▶ [TASK INSTRUCTIONS]: For every line below, output the text exactly and leave out images.
--- DATA BLOCK ---
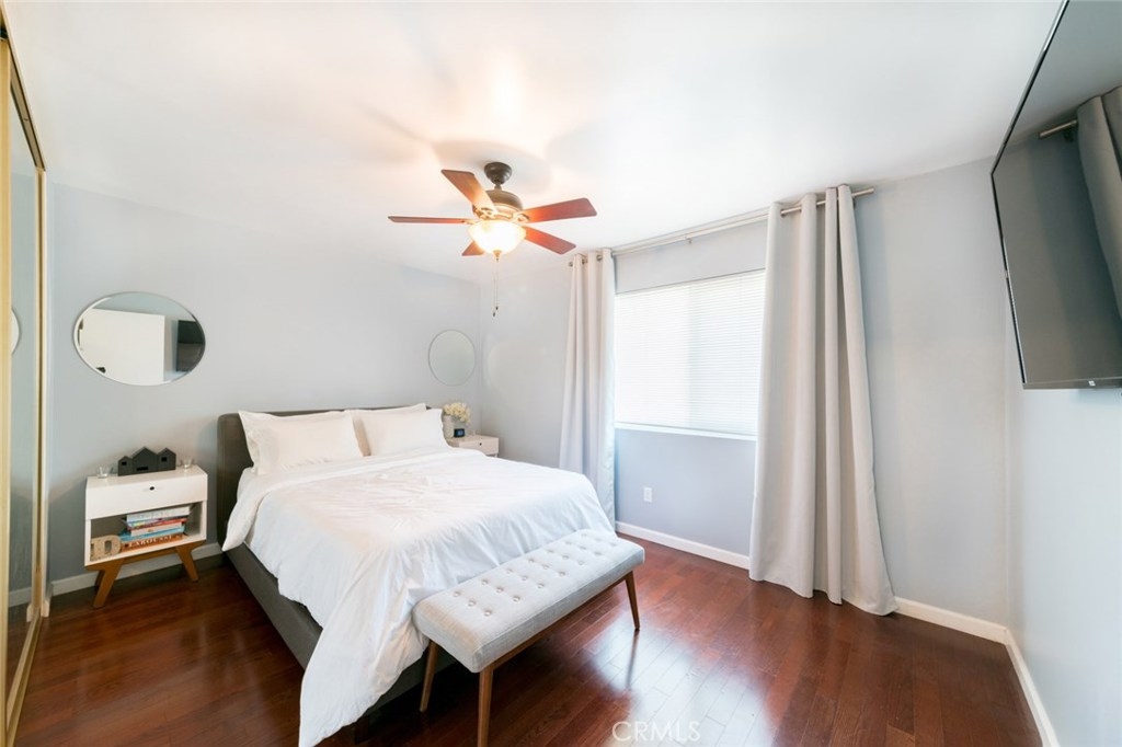 Welcome to the beautiful Park Orleans community and an fantastic upstairs unit. Whether this is your first home, or you are downsizing with distinction, take advantage of this move-in condition oasis! This home has hardwood floors, dual-pane windows, recessed lighting and fresh paint. Park Orleans is nearby to incredible shopping, dining and local entertainment. A few attractions include Old Towne Orange, Hart Park, and Main Place Mall. In addition, there is a bike trail with a connected entrance to the complex for biking/walking/running. There's a sparkling community pool and spa, beautifully landscaped grounds, close freeway access to the 22,5,& 57 freeways. Call today for a showing!
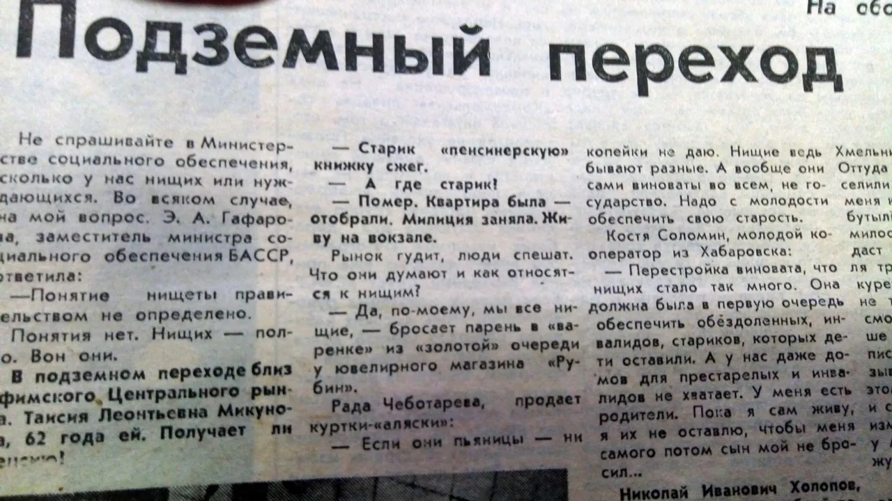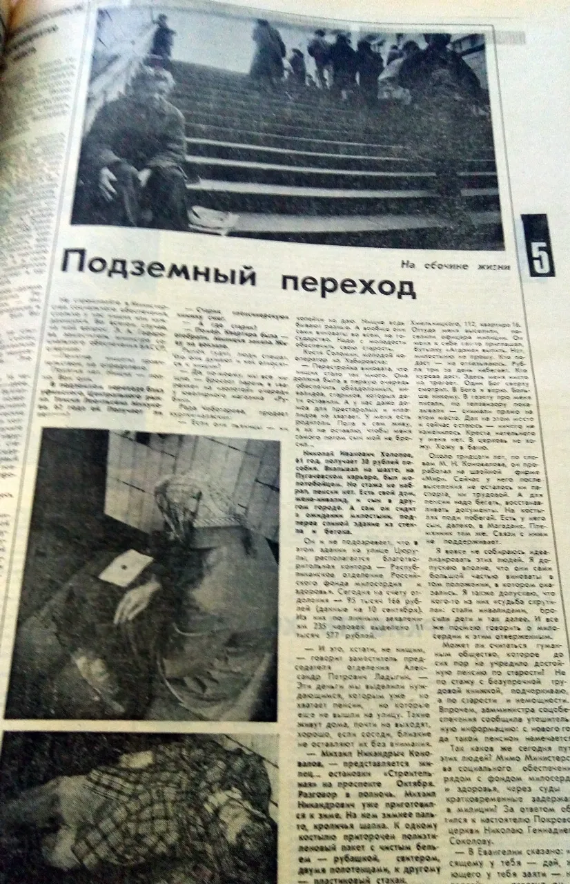 УФА, 25 янв 2018. /ИА «Башинформ», Галина Пантюхина/. Кто они - обитатели уфимских подземных переходов и как они дошли до такой жизни. В непростом вопросе разбиралась газета «Советская Башкирия» в октябре 1990 года. Агентство «Башинформ» продолжает знакомить читателей с материалами из Архива печати республики.
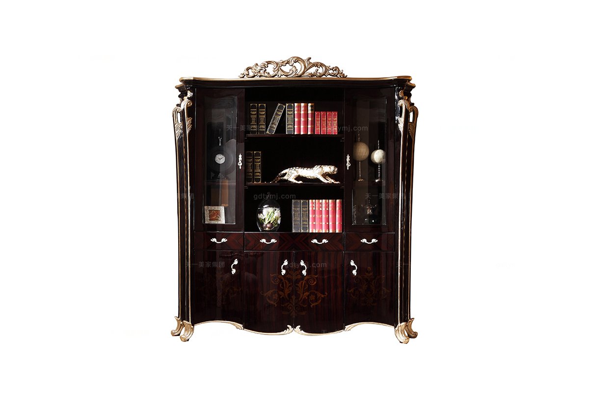 高端奢華新古典黑檀四門書柜
---
▶ [TASK ANSWER]:
 Welcome to the beautiful Park Orleans community and an fantastic upstairs unit. Whether this is your first home, or you are downsizing with distinction, take advantage of this move-in condition oasis! This home has hardwood floors, dual-pane windows, recessed lighting and fresh paint. Park Orleans is nearby to incredible shopping, dining and local entertainment. A few attractions include Old Towne Orange, Hart Park, and Main Place Mall. In addition, there is a bike trail with a connected entrance to the complex for biking/walking/running. There's a sparkling community pool and spa, beautifully landscaped grounds, close freeway access to the 22,5,& 57 freeways. Call today for a showing!
 УФА, 25 янв 2018. /ИА «Башинформ», Галина Пантюхина/. Кто они - обитатели уфимских подземных переходов и как они дошли до такой жизни. В непростом вопросе разбиралась газета «Советская Башкирия» в октябре 1990 года. Агентство «Башинформ» продолжает знакомить читателей с материалами из Архива печати республики.
 高端奢華新古典黑檀四門書柜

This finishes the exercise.